# [How to complete this task]
Go through the listing below and retype exactly the lines starting at the one with "Volunteers guide visitors" and ending at the one with "- Sách kèm theo", skipping pictures.

# [Material for the task]

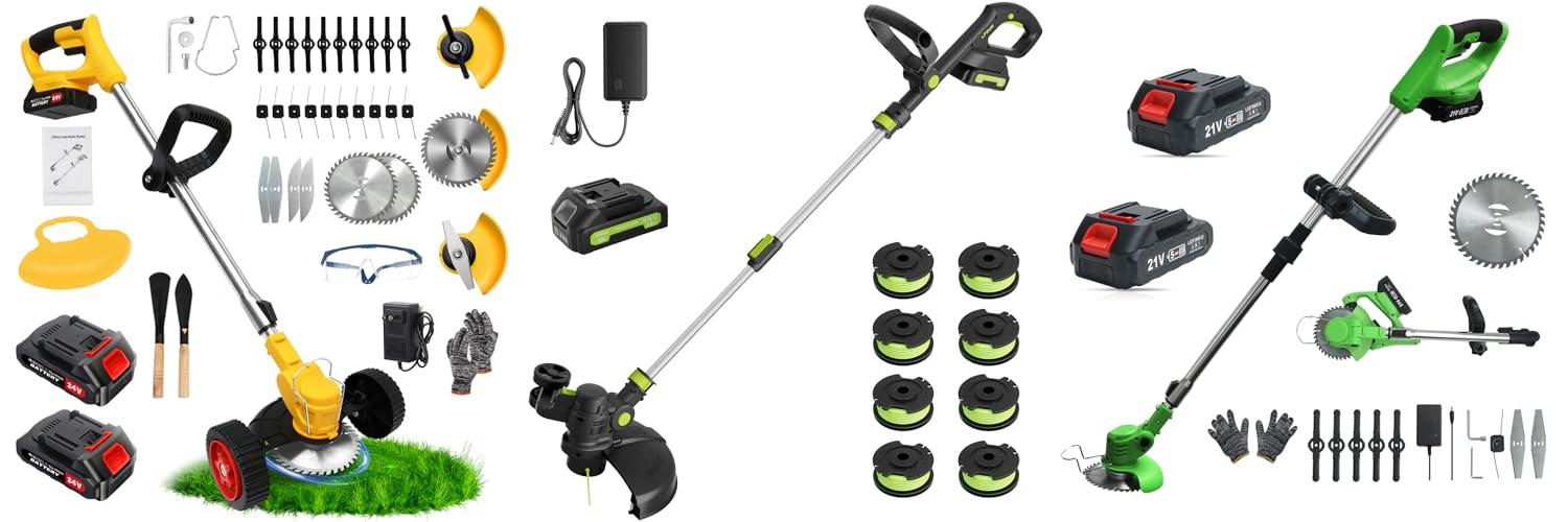 1. 24V Electric Weed Wacker Cordless Grass Trimmer with 2x2000mAh Batteries & Fast Charger
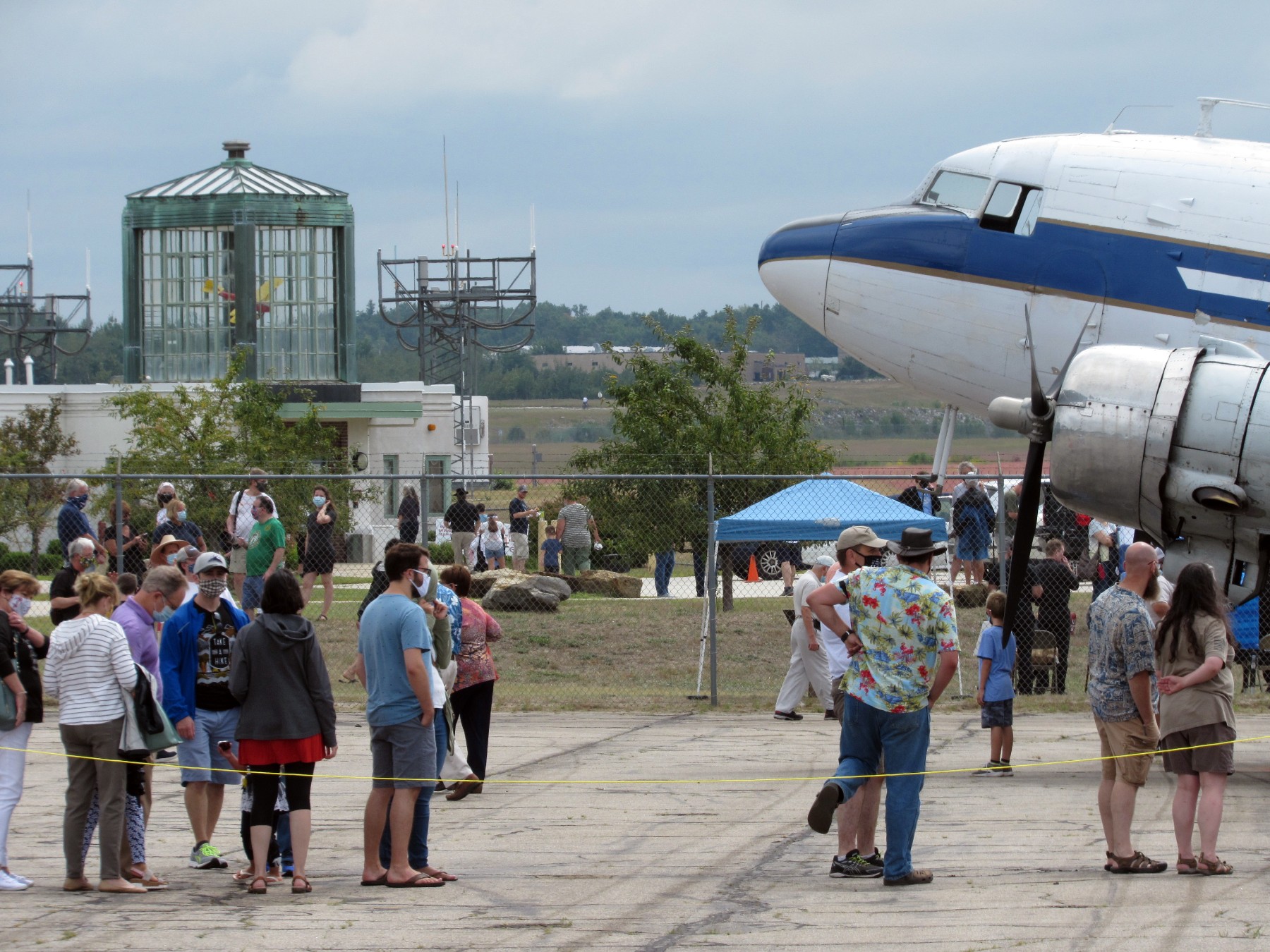 Volunteers guide visitors onto the ramp for close-up views of a vintage DC-3 airliner at the Aviation Museum of New Hampshire.
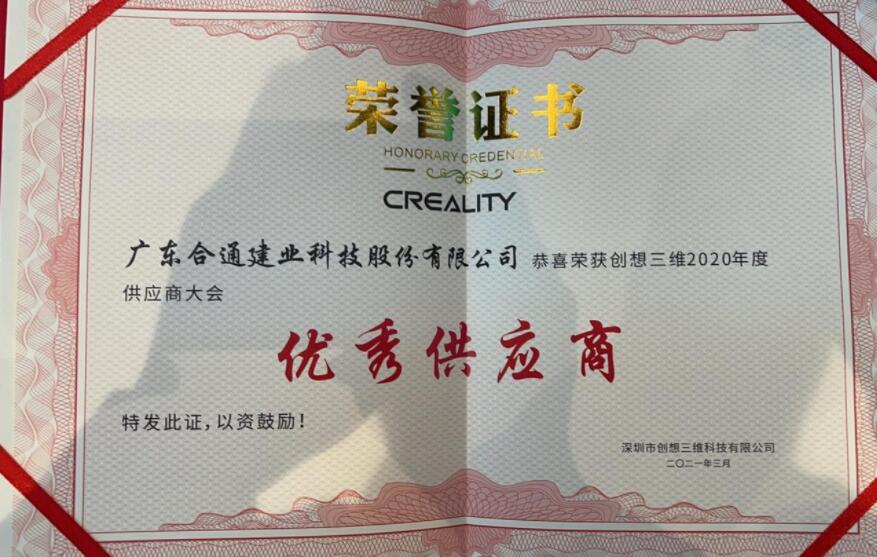 3月20日广东合通建业科技股份有限公司在创想三维公司颁奖典礼上荣获2020年度创想三维“优秀供应商”奖项,这是对合通科技产品的高度肯定!
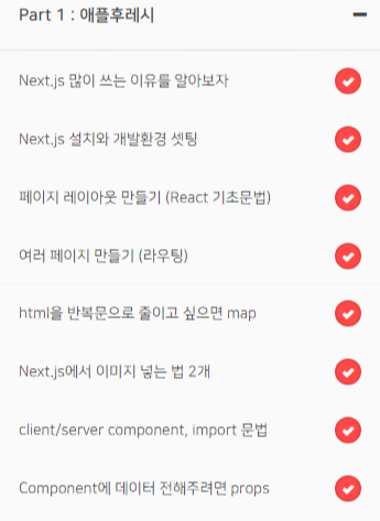 코딩애플에서 진행하는 Next.js 강의 수강을 완료했고, 이번 세미나 발표만 남았다. 백엔드와 프론트엔드를 같이 배운 느낌이라고 해야하나..? 무튼 신기한 경험이였고(다크모드 구현이 재밌었다), 마지막 주는 너무 바빠 실습을 완벽하게 하지 못했는데, 추후에 다시 해봐야겠다고 생각했다.마지막 세미나 발표도 준비 잘 해가서 좋은 마무리로 매듭짓기를.
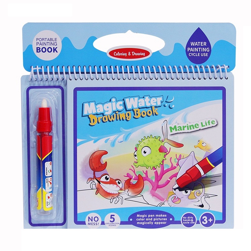 - Sách kèm theo 01 chiếc bút nước. Trước khi tô, đổ nước vào bên trong bút, khi tô bút đến đâu màu sắc bức tranh sẽ hiện lên tới đó.
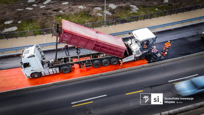 Wykonywanie mas bitumicznych to jeden z kluczowych etapów modernizacji obiektu, który stanowi przygotowanie do zakończenia głównych robót konstrukcyjnych i odtworzenia nawierzchni jezdni na aktualnie remontowanej części nitki wyjazdowej Trasy Zamkowej. Jednocześnie prowadzone są naprawy powierzchni betonowych podpór, ścian oporowych i przęseł. Wykonawca realizuje również prace przy betonowaniu płyty chodnikowej, montażu wpustów mostowych i dylatacji.
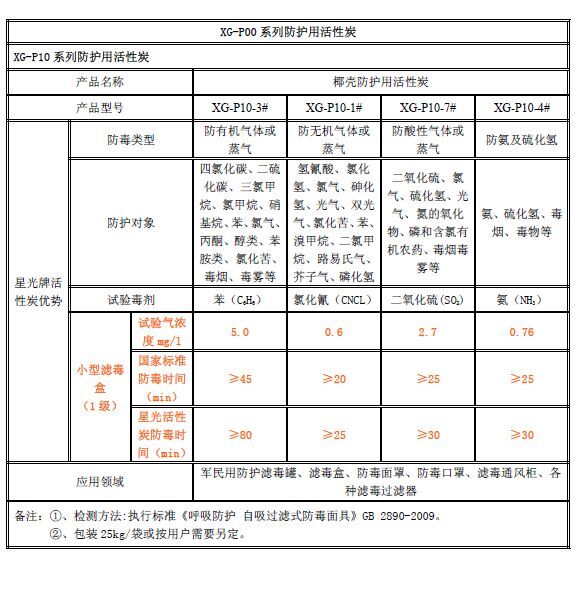 XG-P10系列防護用活性炭
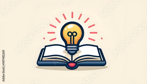 Modern flat design of open book and lightbulb icon using minimalist elements and soft tones on white background

# [Task output]
 Volunteers guide visitors onto the ramp for close-up views of a vintage DC-3 airliner at the Aviation Museum of New Hampshire.
 3月20日广东合通建业科技股份有限公司在创想三维公司颁奖典礼上荣获2020年度创想三维“优秀供应商”奖项,这是对合通科技产品的高度肯定!
 코딩애플에서 진행하는 Next.js 강의 수강을 완료했고, 이번 세미나 발표만 남았다. 백엔드와 프론트엔드를 같이 배운 느낌이라고 해야하나..? 무튼 신기한 경험이였고(다크모드 구현이 재밌었다), 마지막 주는 너무 바빠 실습을 완벽하게 하지 못했는데, 추후에 다시 해봐야겠다고 생각했다.마지막 세미나 발표도 준비 잘 해가서 좋은 마무리로 매듭짓기를.
 - Sách kèm theo 01 chiếc bút nước. Trước khi tô, đổ nước vào bên trong bút, khi tô bút đến đâu màu sắc bức tranh sẽ hiện lên tới đó.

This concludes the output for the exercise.